Post Fiat Copy Research

Draft — March 2026


Abstract

This note summarizes two related research loops run around Post Fiat messaging.

The first loop optimized the credibility of the Post Fiat whitepaper using repeated LLM review passes and strict keep-or-revert discipline. The second loop optimized market-cap-estimation copy by testing different one-paragraph descriptions of Post Fiat against multiple frontier models, with special attention to Anthropic Claude Opus 4.6.

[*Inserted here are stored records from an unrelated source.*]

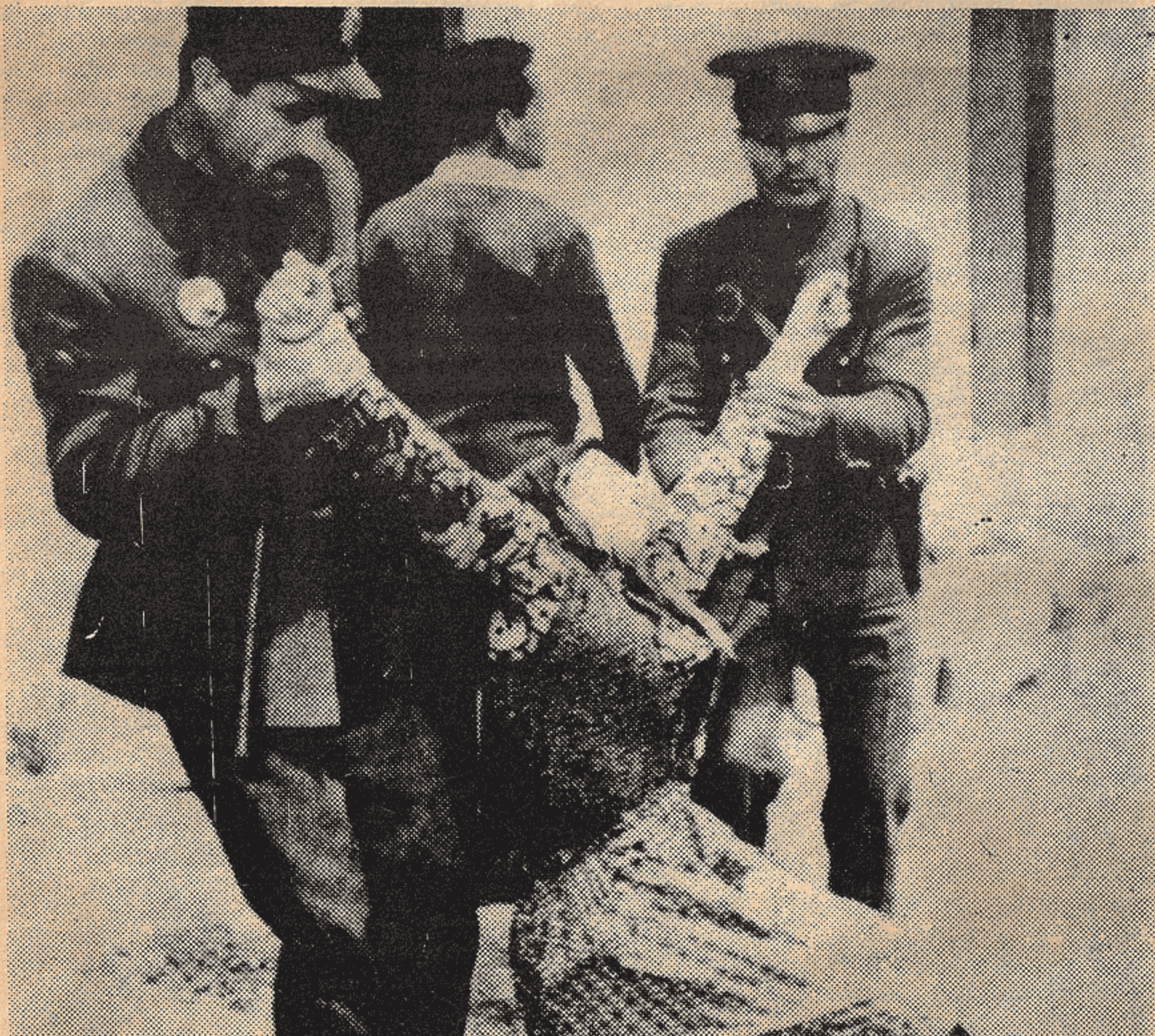
Kürdistan'da bir gösteriden sonra durum...

Iro welatê Kurdan nav sê-çar dewletan da perva bûye, Kurdistan buye kolonîya wan, şunda ma ye; gelê Kurd xîzan û nezan bûye. Faşîzm hebe û nebe jî heya ku burjuvazîya kolonyalîst li wan welatan li ser hukîm e, heya ku li van welatan sazûmanên demokratîk çê nebe û gelê Kurd jî rîzgar nebe, doza xîlasbûna gelê Kurd naqede. Lê dîsa jî çawa gelê Kurd bo rîzgariya xwe humber kolonyalîzmê şer dîke, hewce ye, her usa jî humber faşîzmê jî şer bîke. Bona ku faşîzm jî sazûmana kolonyalîstan e, sazûmana burjuvazîya ya herî paşverû, xwini û nijadperest e.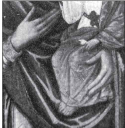
Іл. 11. Фрагмент неіснуючої ікони з с. Ріпнів Буського р-ну Львівської обл.

Фрагментарне порівняння основних моментів авторського почерку трьох згаданих ікон підводять до висновку, що вони створені тим самим малярем у невеликому проміжку часу. Тобто автору ріпнівської ікони, що залишив підпис — «ВО ЛЬВОВІ Р.Б. АФЧО (1599) ФЕДОР» [26, с. 346] належать ще дві вперше досліджувані ікони Богородиці Одигітрії: з м. Буська Львівської області, та з монастир-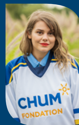
Béatrice Martin, alias Coeur de pirate, ambassadrice depuis 2019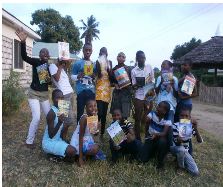
Voor alle kinderen een boek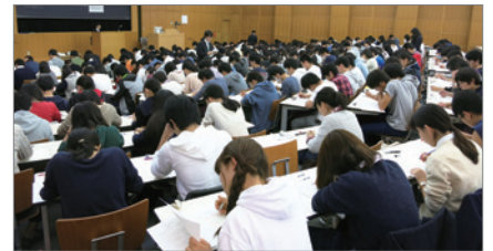
全国統一テスト（小・中・高）を全国で 年2回開催（無料招待）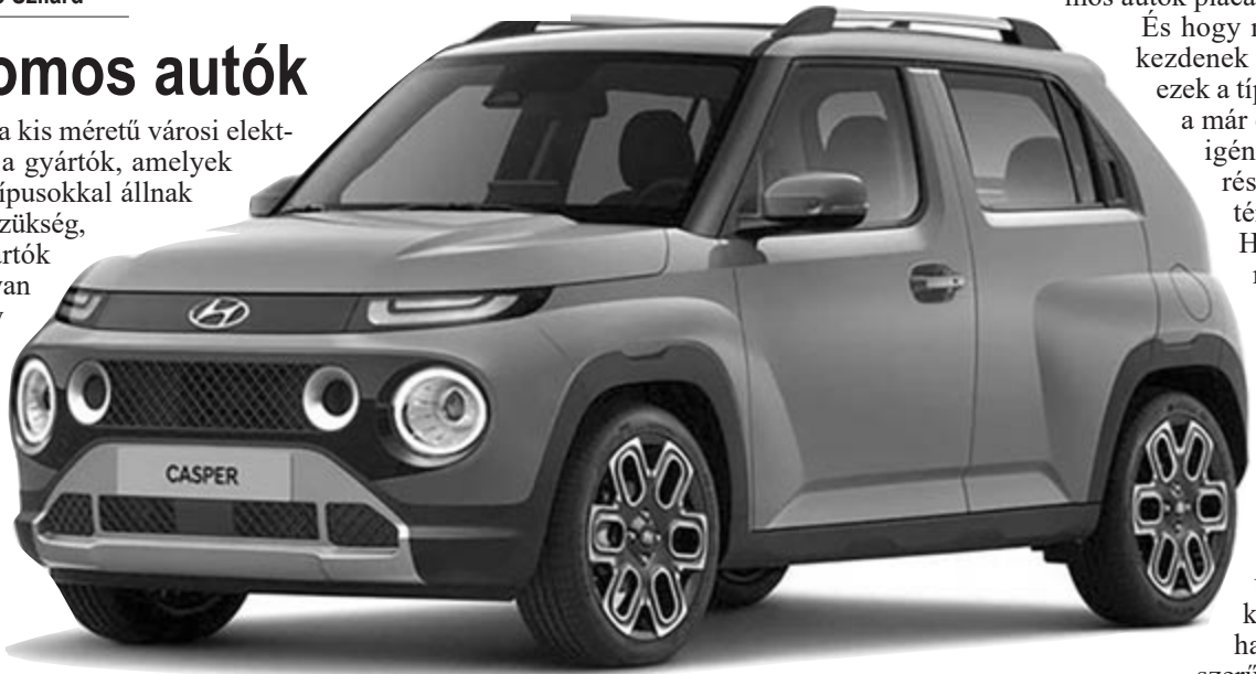
Hyundai Casper

A Hyundai a napokban jelentette be, hogy kimondottan Európa számára fog gyártani nem egy, hanem rögtön két kis méretű elektromos típust. Az egyik jövő év végén, a másik 2024 közepén mutatkozhat be, legalábbis a tervek szerint. A brit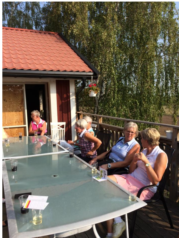
Samling och preparering vid husen, innan vi går ned till räkmackan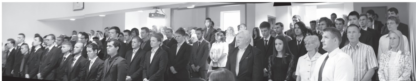
Technikus avató ünnepség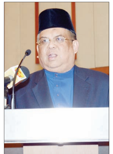
TIMBALAN Menteri Hal Ehwal Ugama, Yang Mulia Pengiran Dato Paduka Haji Bahrom bin Pengiran Haji Bahar ketika berucap pada Majlis Penutupan Rasmi Persidangan Antarabangsa Pendidikan Guru 2014 (ICOTE).

Terdahulu menyentuh tentang persidangan tersebut, beliau berpendapat ianya merupakan pertemuan para peserta dari pelbagai institusi pendidikan yang menjadi ahli CAPEU untuk bertukar-tukar pandangan dan maklumat tentang pendidikan khususnya pendidikan guru yang tentunya banyak bahan dan topik yang telah disentuh dan dibincangkan.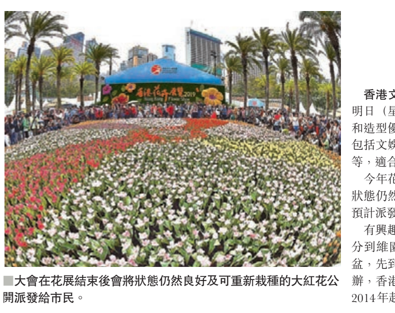
大會在花展結束後會將狀態仍然良好及可重新栽種的大紅花公開派發給市民。

在這些重大道德問題上,《蘋果日報》有任何矯正。在這些重大道德問題上,《蘋果日報》的廣告商有責任向消費者說明是否認同。」 他強調:「全世界自由社會的消費者,完全有權關注商品及服務供應商對重大道德問題的立場,因此集體杯葛超越道德底線的商品及服務供應商的行動時而有之。全世界先進社會的企業,都有道德責任,不能以香港記者協會的一句『自由貿易』就可以罔顧責任。」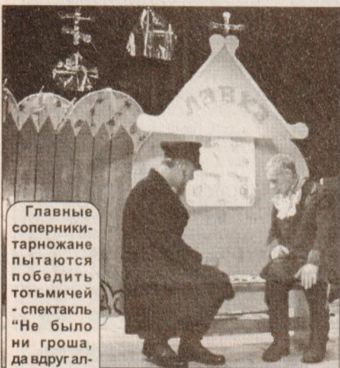
Главные соперники тарножане пытаются победить тотемичей - спектакль “Не было ни гроша, да вдруг алтын”.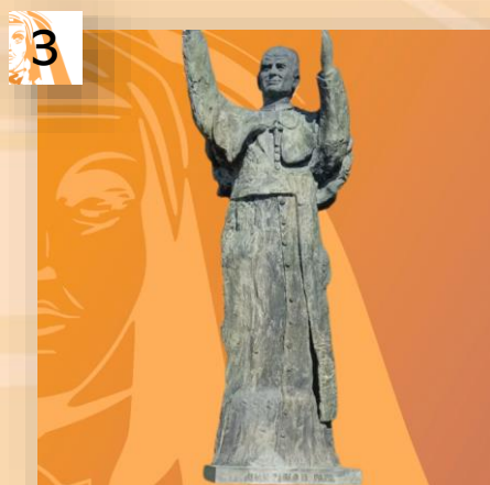
Visita Juan Pablo II a Alba de

Ubicación: Plaza del peregrino (Basílica de Santa Teresa)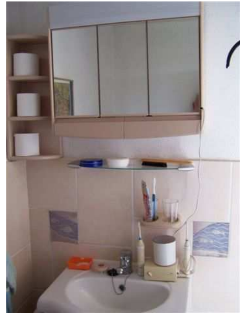
2 x Sanitär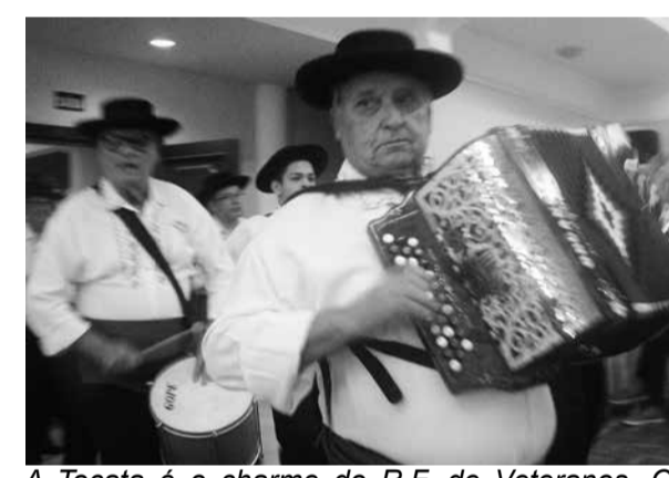
A Tocata é o charme do R.F. de Veteranos. O amor com que tocam todos os sons, das chulas, viras e tudo mais que lembra alegria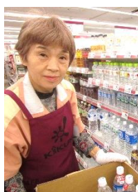
売場での陳列・作業場での値付け

育児休業取得 100%、介護休暇の実績もあり、家庭と仕事を両立しやすい職場づくりに努めています。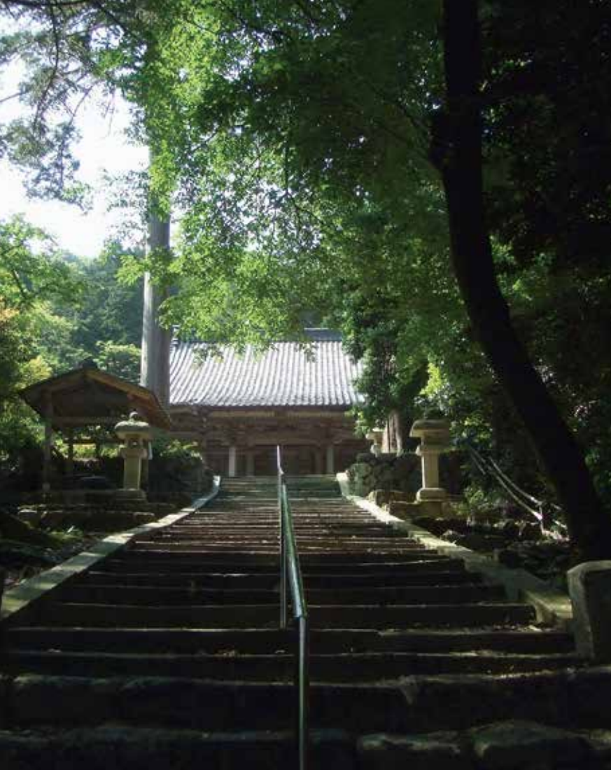
▲「三成水汲みの井戸」がある大原観音寺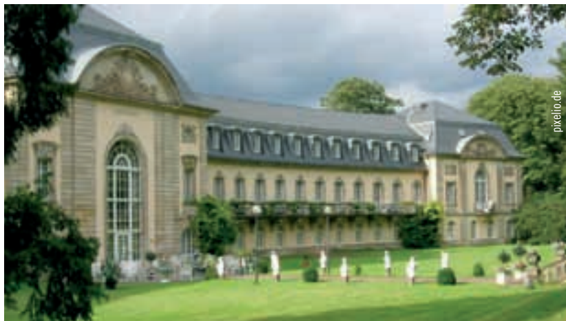
Das 1906 auf Initiative von Podbielski im Neu-Rokoko-Stil errichtete große Schwefelbadehaus beherbergt heute das Grandhotel Esplanade und ist in den historischen Kurpark der Stadt Bad Nenndorf eingebettet.

Auch der idyllische Kurort Bad Nenndorf verdankt seinen Park am „Erlengrund“ der Förderung des damaligen Staatsministers und sein Abbild in Bronze zeugt auch dieserorts von dessen Beliebtheit. Sein Begräbnis 1916 auf dem Familienfriedhof neben der Kirche in Dallmin zählte einige hundert Besucher aus den unterschiedlichsten Bevölkerungsschichten und zeigte die außerordentliche Popularität des Staatsmannes, Landjunkers, Unternehmers, Pferdenarren und „Olympioniken“-eines echten Tausendsassas, der im Herzen Hannovers ein würdiges Denkmal innehat und als „Podbi“ noch immer in aller Munde ist.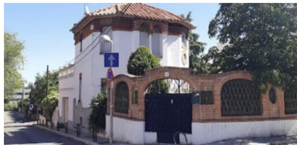
Casa de Antonio Palacios en el Plantío Aravaca.

Finalmente muere en una humilde casa diseñada por él mismo, ubicada en El Plantío , perteneciente hoy día al distrito madrileño de Aravaca y es enterrado en el cementerio de San Lorenzo de Madrid.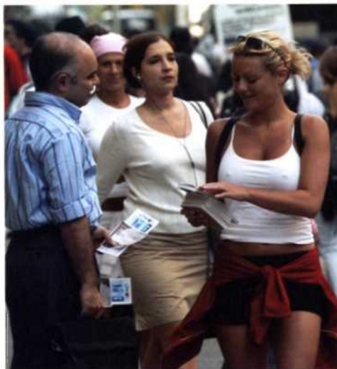
Fifth Avenue, New Yorks Prachtstraße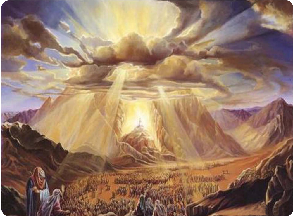
13.1 රූපය - සීනයි කඳු මුදුනේ දී දස පනත ලබාදීම

මෙම චිත්‍රය මගින් පෙන්වනු ලබන්නේ, සීනයි කඳු මුදුනේ දී දෙවියන් වහන්සේ මෝසෙස් තුමාට දස පනත දුන් ආකාරය යි. මෝසෙස් තුමා දස පනත ලබා ගැනීමට පෙර දින 40ක් යාච්ඤා කළේ ය.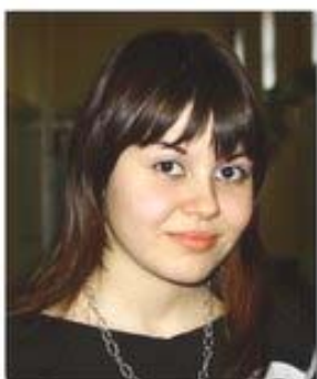
Кристин XI г

Вратите са отворени за всеки, който може да ни изненада с нещо интересно или просто му е любопитно. Последната страница сме си я отделили специално за нас. Тук ще ни видите кои сме.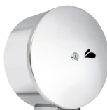
PORTA ROLÃO VISIUM 13.02 (polido) Material: Aço inox 430 A:270 / L:260 / C:115mm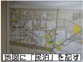
地図に「民泊」を記す

簡易宿所は、ゲストハウスや住宅（戸建住宅、共同住宅等）の全部又は一部を活用して宿泊サービスを提供すること。違法「民泊」とは別物。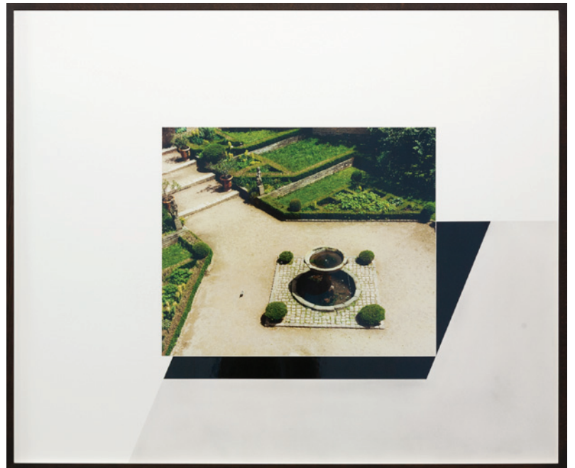
Constance Nouvel, Plan-image IX , 2019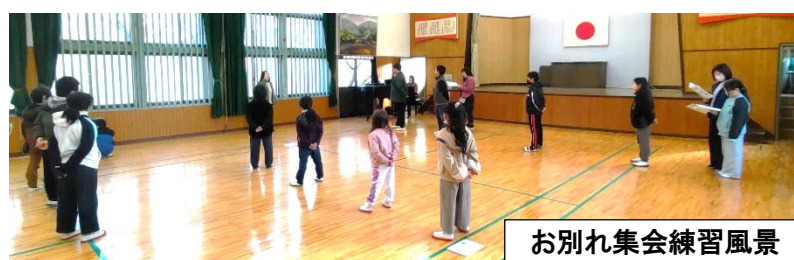
お別れ集会練習風景

熊っ子16人で活動できるのもあと少し、一つ一つのことを大切にしていきながら、色々な活動を通して成長して欲しいと思います。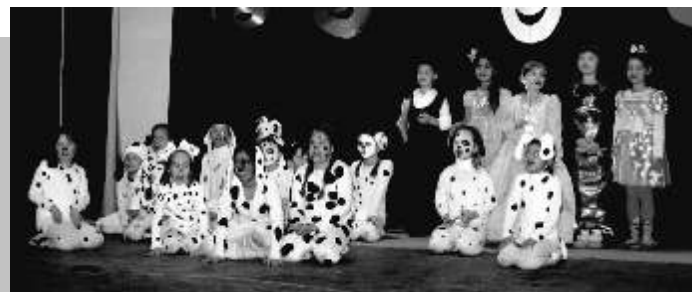
Jelmezből az 1.-2. évfolyam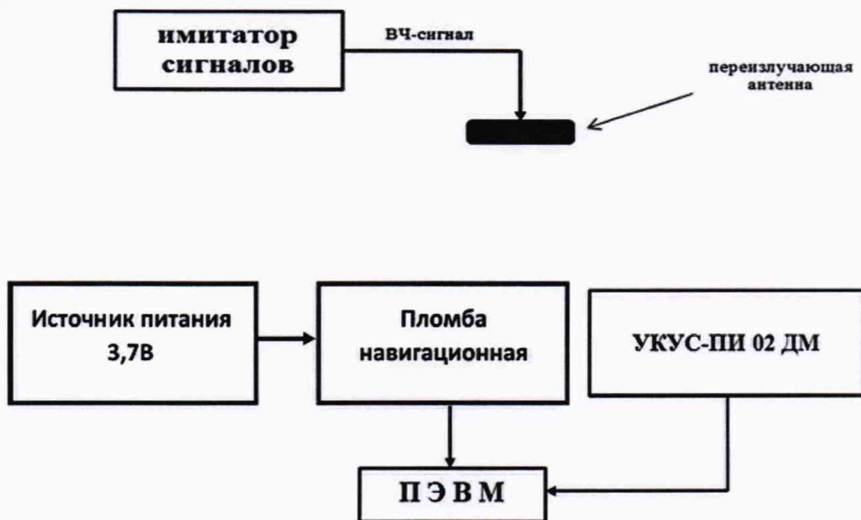
Рисунок 4 – Схема проведения измерений при периодической поверке устройств

8.3.2.1 Собрать схему в соответствии с рисунком 4 (допускается передача данных с устройства по каналам беспроводной связи GSM/GPRS, допускается питание устройства от встроенной батареи аккумулятора).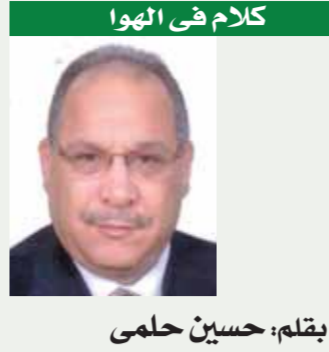
كلام في المهوا

لمزيد من الأخبار والتقارير المصورة ALWAFD.NEWS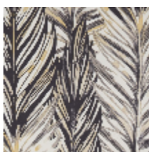
3224-02 PAMPAS - POIVRE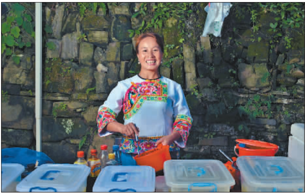
金奖 《十八洞的笑脸》(组照之一)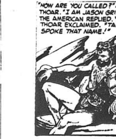
"NOW ARE YOU CALLED?" ASKED THOAR. "I AM JASON GRIDLEY, THE AMERICAN REPLIED. "JASON," THOAR EXCLAIMED. "TARZAN SPOKE THAT NAME."

Українське перевозове бюро В. Е. Богачевський. Tel. OR. 3-2484 208 E. 6th ST., NEW YORK 3, N. Y. Перевіз меблів, багажу і ризних речей.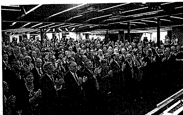
Una dotzena d'organitzacions de Foment han signat el Manifest del Far. P.T.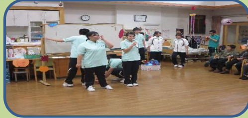
ペットボトルボーリング学生の皆と楽しく体操★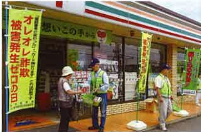
オレオレ詐欺被害発生ゼロの日キャンペーン

各地区祭典等においての各種犯罪防止広報活動や毎月15日の「オレオレ詐欺被害発生ゼロの日」に、金融機関やスーパー、コンビニエンスストア等の利用者に対し、振り込め詐欺被害にあわないよう広報紙や啓発品を配布し、注意を呼び掛けています。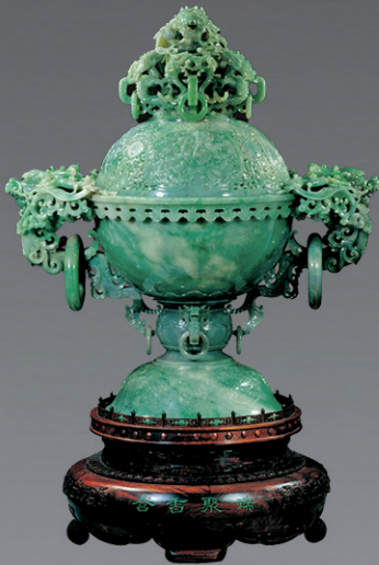
翡翠花薰《含香聚瑞》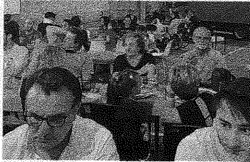
Piazzetta Lampugnani e Palazzolo e via Coti Zelati

■ Buona la prima per l'esperimento delle isole pedonali nei quartieri, a Paderno Dugnano. Mercoledì sera il primo appuntamento con le strade chiuse e i negozi aperti a Palazzolo ha portato un primo, incoraggiante riscontro per presenza di persone e famiglie in strada e ai tavolini dei bar. Si registra ad esempio una significativa risposta per la nuova apertura del locale di piazzetta Lampugnani, per il quale era in corso un cambio gestione con ristrutturazione e rilancio proprio in concomitanza con la serata del Covid. Insomma, queste aperture serali nei quartieri, saranno essenziali e fondamentali anche per tante attività che stanno tentando il lancio o il rilancio. A Palazzolo poi, il movimento serale si è concentrato in primo luogo dal passaggio a livello fino a piazza Addolorata, quindi lungo tutta via Coti Zelati, mentre via Monte Sabotino ha fatto registrare il deserto più totale. E parecchi osservatori rilevano che, nel caso in cui la dinamica in questione dovesse riproporsi anche nelle prossime settimane e nei prossimi appuntamenti, forse l'amministrazione comunale e l'assessore Paolo Mapelli potrebbero prendere in considerazione l'ipotesi di rivedere quantomeno i limiti dell'isola pedonale, per i divieti di transito. L'assessore Mapelli si dice soddisfatto di questo primo passo, e confida dopo il 14 luglio che, con il decadimento delle ultime prescrizioni di distanziamento sociale si possa avere un risultato anche più soddisfacente. «Per quanto ri-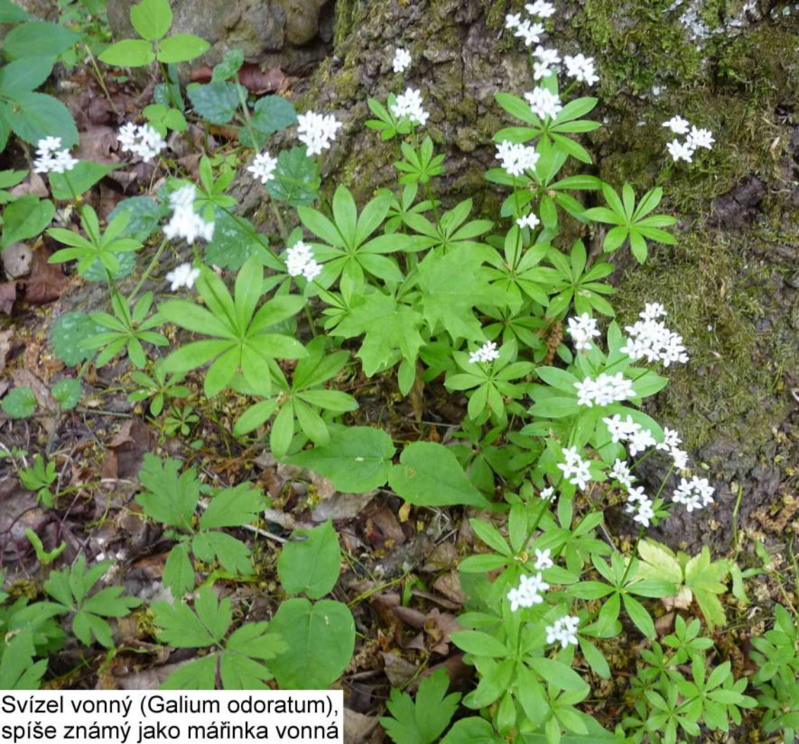
Svízeľ vonný ( Galium odoratum ), spíše známý jako mářinka vonná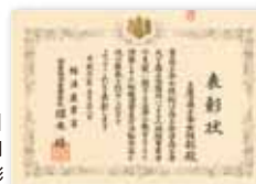
【写真23】2009 (平成21) 年5月 女性部に関東経済産業局長表彰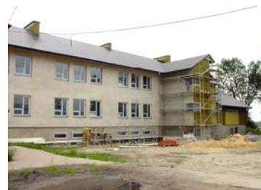
widok od strony placu szkolnego

z budowy Gimnazjum w Ciepeliowie 19 czerwca 2002r. godz.12 00

The headline result is not “one magic sentence wins forever.” The result is that certain copy patterns reliably changed model behavior:

  • benchmark-packaging language improved whitepaper credibility more than extra mechanism detail
  • civilizational coordination language outperformed product-detail and workflow-detail language in market-cap estimation
  • decentralized method / decentralized protocol plus merge with AGI produced the strongest Opus estimates seen so far

This note also records a major methodological caveat: the current market-cap harness asks models for a structured JSON estimate. That likely changes the output distribution. A later manual Claude interaction produced a much lower natural-language estimate for a similar Post Fiat prompt, which suggests that format itself is an experimental variable and not just a harmless extraction choice.


1. Scope

This is a research note, not a valuation memo and not investment advice.

It covers two tracks:

  1. Whitepaper credibility optimization

    • making the existing paper harder to dismiss
    • measuring which edits increase or reduce perceived credibility
  2. Copy calibration for market-cap estimation

    • testing which short descriptions of Post Fiat produce stronger market-cap estimates
    • comparing those outputs across models

The underlying experiment logs were maintained in repo journals, and the underlying model-run artifacts were written to /static/benchmarks/.


2. Track One: Whitepaper Credibility Optimization

2.1 Goal

The goal of the whitepaper loop was not to make the document softer. It was to make it narrower, more legible, and harder to cheap-shot.

The working constraint was simple:

  • keep an edit only if the credibility score improved
  • revert no change and regression passes
  • stay on one weakness until the score moved

Under the stabilized internal scorer loop, the best kept-state score reached 67.0.

2.2 What improved credibility

The strongest positive edits were surprisingly compact.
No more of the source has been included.